**Assigned task:** The records below are to be restated word for word, with every picture left out.

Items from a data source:
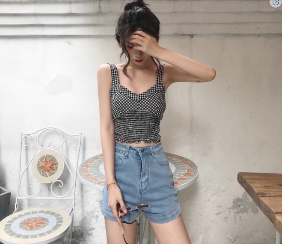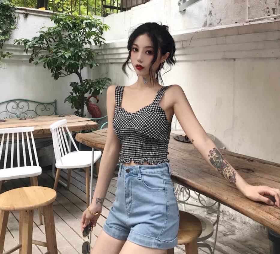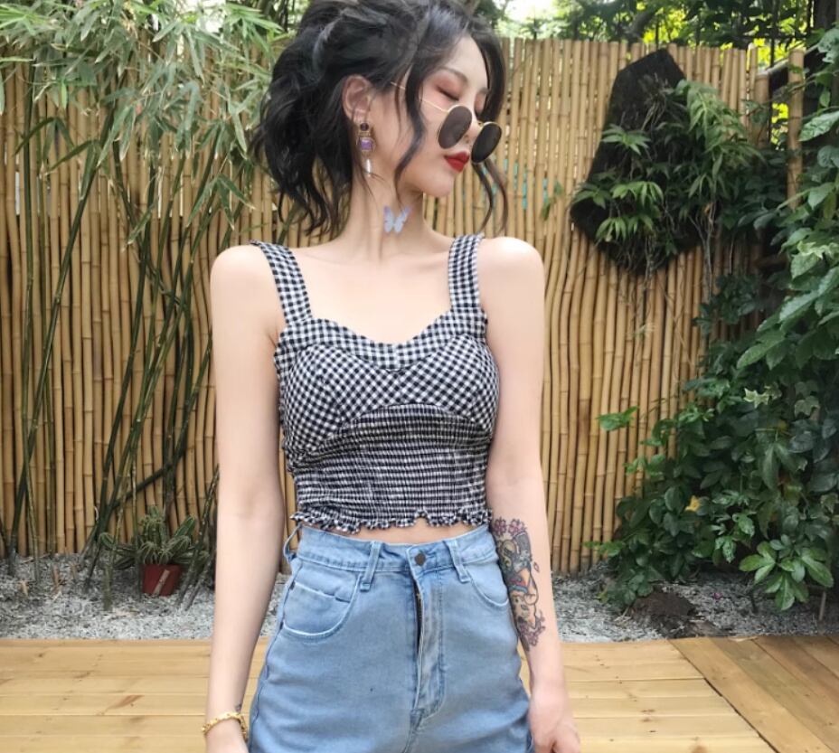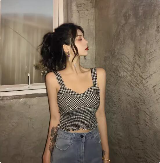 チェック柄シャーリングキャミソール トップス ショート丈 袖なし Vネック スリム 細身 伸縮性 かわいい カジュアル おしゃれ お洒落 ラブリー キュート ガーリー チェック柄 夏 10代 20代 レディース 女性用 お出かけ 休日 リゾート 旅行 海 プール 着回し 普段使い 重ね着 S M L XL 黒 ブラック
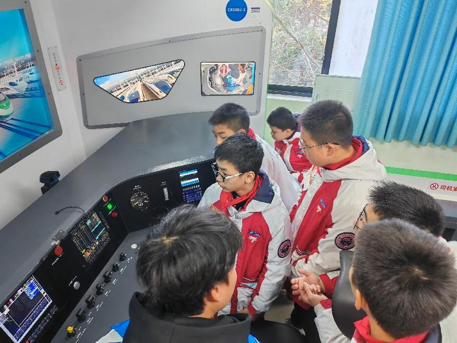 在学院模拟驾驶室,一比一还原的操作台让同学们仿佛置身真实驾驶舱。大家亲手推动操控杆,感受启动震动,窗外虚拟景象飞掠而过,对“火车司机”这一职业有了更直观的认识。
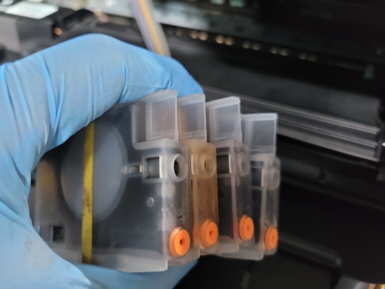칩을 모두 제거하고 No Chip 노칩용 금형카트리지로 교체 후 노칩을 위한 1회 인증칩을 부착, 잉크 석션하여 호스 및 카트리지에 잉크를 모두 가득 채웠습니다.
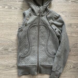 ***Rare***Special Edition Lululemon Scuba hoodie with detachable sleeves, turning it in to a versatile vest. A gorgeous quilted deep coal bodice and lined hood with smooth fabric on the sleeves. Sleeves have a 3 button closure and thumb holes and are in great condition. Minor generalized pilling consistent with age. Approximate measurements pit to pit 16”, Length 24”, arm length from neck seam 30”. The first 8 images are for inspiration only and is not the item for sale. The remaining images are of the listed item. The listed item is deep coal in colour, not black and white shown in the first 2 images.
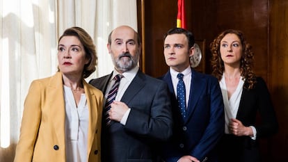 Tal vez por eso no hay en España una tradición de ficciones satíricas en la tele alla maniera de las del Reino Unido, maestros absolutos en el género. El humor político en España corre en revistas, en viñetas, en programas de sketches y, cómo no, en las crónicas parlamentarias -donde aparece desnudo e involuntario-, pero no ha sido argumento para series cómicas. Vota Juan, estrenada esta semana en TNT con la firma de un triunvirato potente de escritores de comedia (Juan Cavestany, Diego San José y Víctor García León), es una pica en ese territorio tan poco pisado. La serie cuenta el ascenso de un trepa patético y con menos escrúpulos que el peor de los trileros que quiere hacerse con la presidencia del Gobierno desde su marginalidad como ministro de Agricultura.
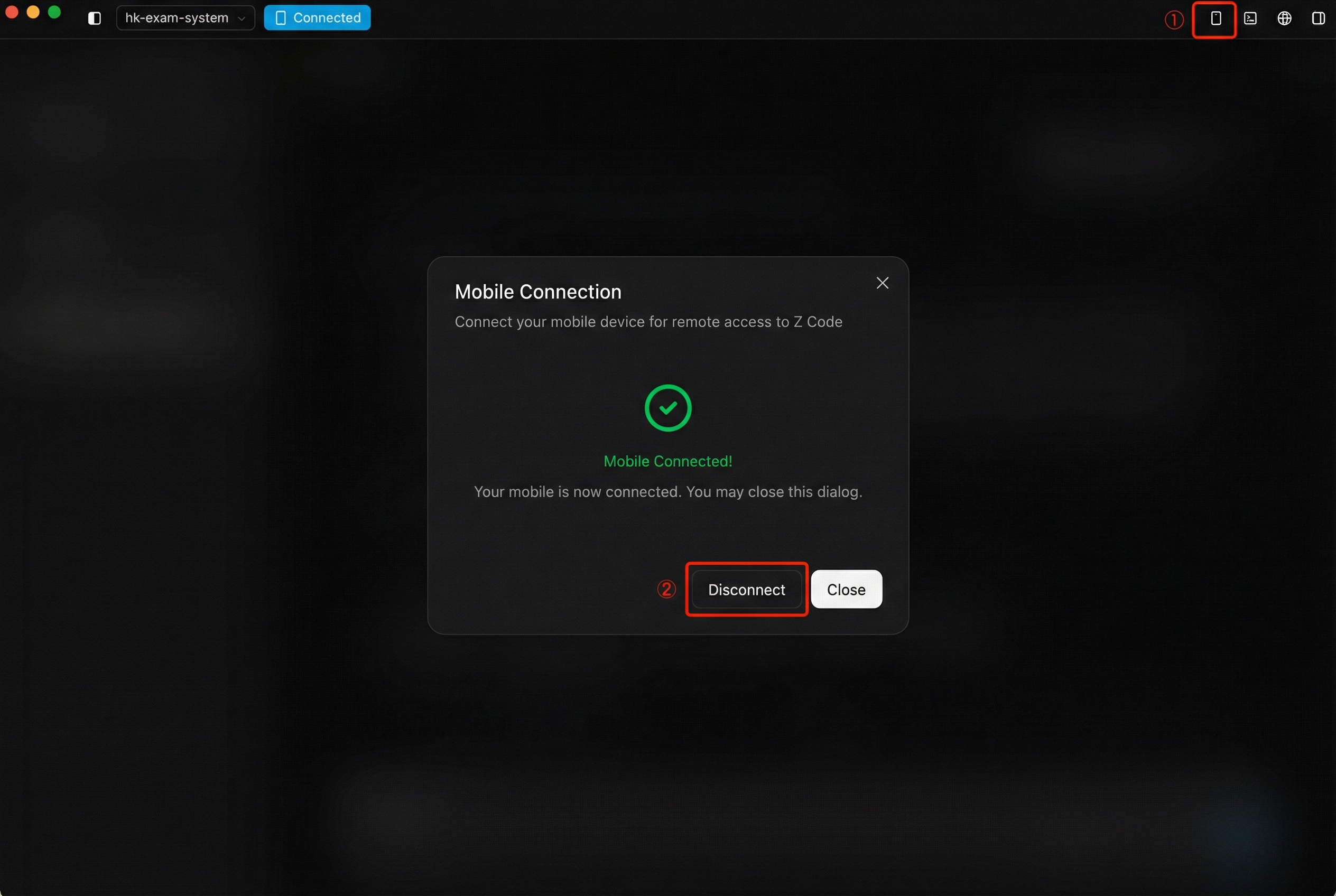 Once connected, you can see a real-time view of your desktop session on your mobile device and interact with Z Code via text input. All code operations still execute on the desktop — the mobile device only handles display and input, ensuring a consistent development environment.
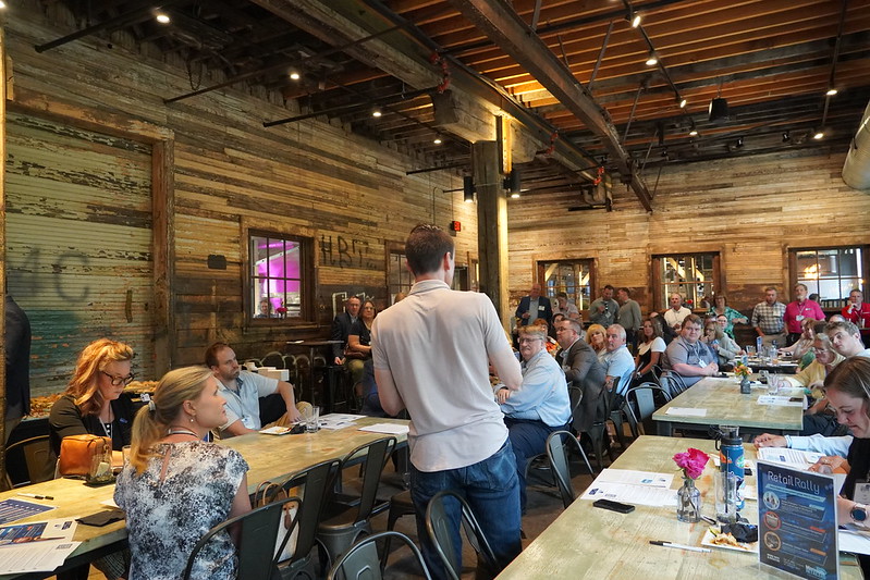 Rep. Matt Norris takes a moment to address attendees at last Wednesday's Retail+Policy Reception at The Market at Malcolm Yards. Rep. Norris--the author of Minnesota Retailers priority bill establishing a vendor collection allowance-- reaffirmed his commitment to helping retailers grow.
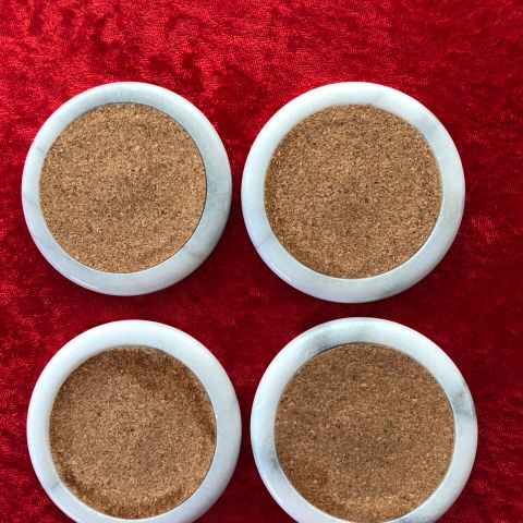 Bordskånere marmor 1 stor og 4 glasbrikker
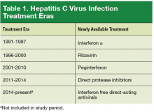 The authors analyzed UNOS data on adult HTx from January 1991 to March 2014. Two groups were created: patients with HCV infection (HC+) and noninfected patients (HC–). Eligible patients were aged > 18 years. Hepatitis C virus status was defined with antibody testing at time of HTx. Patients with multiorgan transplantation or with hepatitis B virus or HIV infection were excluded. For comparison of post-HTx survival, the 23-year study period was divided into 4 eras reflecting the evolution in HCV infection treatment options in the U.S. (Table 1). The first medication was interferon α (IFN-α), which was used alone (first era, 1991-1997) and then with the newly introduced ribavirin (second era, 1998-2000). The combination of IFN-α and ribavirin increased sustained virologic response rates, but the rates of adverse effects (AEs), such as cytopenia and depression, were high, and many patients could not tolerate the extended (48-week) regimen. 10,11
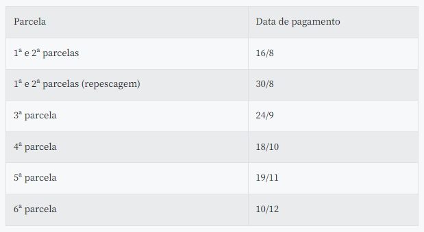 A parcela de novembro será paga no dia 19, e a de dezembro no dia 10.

**Exercise result:**
 チェック柄シャーリングキャミソール トップス ショート丈 袖なし Vネック スリム 細身 伸縮性 かわいい カジュアル おしゃれ お洒落 ラブリー キュート ガーリー チェック柄 夏 10代 20代 レディース 女性用 お出かけ 休日 リゾート 旅行 海 プール 着回し 普段使い 重ね着 S M L XL 黒 ブラック
 在学院模拟驾驶室,一比一还原的操作台让同学们仿佛置身真实驾驶舱。大家亲手推动操控杆,感受启动震动,窗外虚拟景象飞掠而过,对“火车司机”这一职业有了更直观的认识。
칩을 모두 제거하고 No Chip 노칩용 금형카트리지로 교체 후 노칩을 위한 1회 인증칩을 부착, 잉크 석션하여 호스 및 카트리지에 잉크를 모두 가득 채웠습니다.
 ***Rare***Special Edition Lululemon Scuba hoodie with detachable sleeves, turning it in to a versatile vest. A gorgeous quilted deep coal bodice and lined hood with smooth fabric on the sleeves. Sleeves have a 3 button closure and thumb holes and are in great condition. Minor generalized pilling consistent with age. Approximate measurements pit to pit 16”, Length 24”, arm length from neck seam 30”. The first 8 images are for inspiration only and is not the item for sale. The remaining images are of the listed item. The listed item is deep coal in colour, not black and white shown in the first 2 images.
 Tal vez por eso no hay en España una tradición de ficciones satíricas en la tele alla maniera de las del Reino Unido, maestros absolutos en el género. El humor político en España corre en revistas, en viñetas, en programas de sketches y, cómo no, en las crónicas parlamentarias -donde aparece desnudo e involuntario-, pero no ha sido argumento para series cómicas. Vota Juan, estrenada esta semana en TNT con la firma de un triunvirato potente de escritores de comedia (Juan Cavestany, Diego San José y Víctor García León), es una pica en ese territorio tan poco pisado. La serie cuenta el ascenso de un trepa patético y con menos escrúpulos que el peor de los trileros que quiere hacerse con la presidencia del Gobierno desde su marginalidad como ministro de Agricultura.
 Once connected, you can see a real-time view of your desktop session on your mobile device and interact with Z Code via text input. All code operations still execute on the desktop — the mobile device only handles display and input, ensuring a consistent development environment.
 Rep. Matt Norris takes a moment to address attendees at last Wednesday's Retail+Policy Reception at The Market at Malcolm Yards. Rep. Norris--the author of Minnesota Retailers priority bill establishing a vendor collection allowance-- reaffirmed his commitment to helping retailers grow.
 Bordskånere marmor 1 stor og 4 glasbrikker
 The authors analyzed UNOS data on adult HTx from January 1991 to March 2014. Two groups were created: patients with HCV infection (HC+) and noninfected patients (HC–). Eligible patients were aged > 18 years. Hepatitis C virus status was defined with antibody testing at time of HTx. Patients with multiorgan transplantation or with hepatitis B virus or HIV infection were excluded. For comparison of post-HTx survival, the 23-year study period was divided into 4 eras reflecting the evolution in HCV infection treatment options in the U.S. (Table 1). The first medication was interferon α (IFN-α), which was used alone (first era, 1991-1997) and then with the newly introduced ribavirin (second era, 1998-2000). The combination of IFN-α and ribavirin increased sustained virologic response rates, but the rates of adverse effects (AEs), such as cytopenia and depression, were high, and many patients could not tolerate the extended (48-week) regimen. 10,11
 A parcela de novembro será paga no dia 19, e a de dezembro no dia 10.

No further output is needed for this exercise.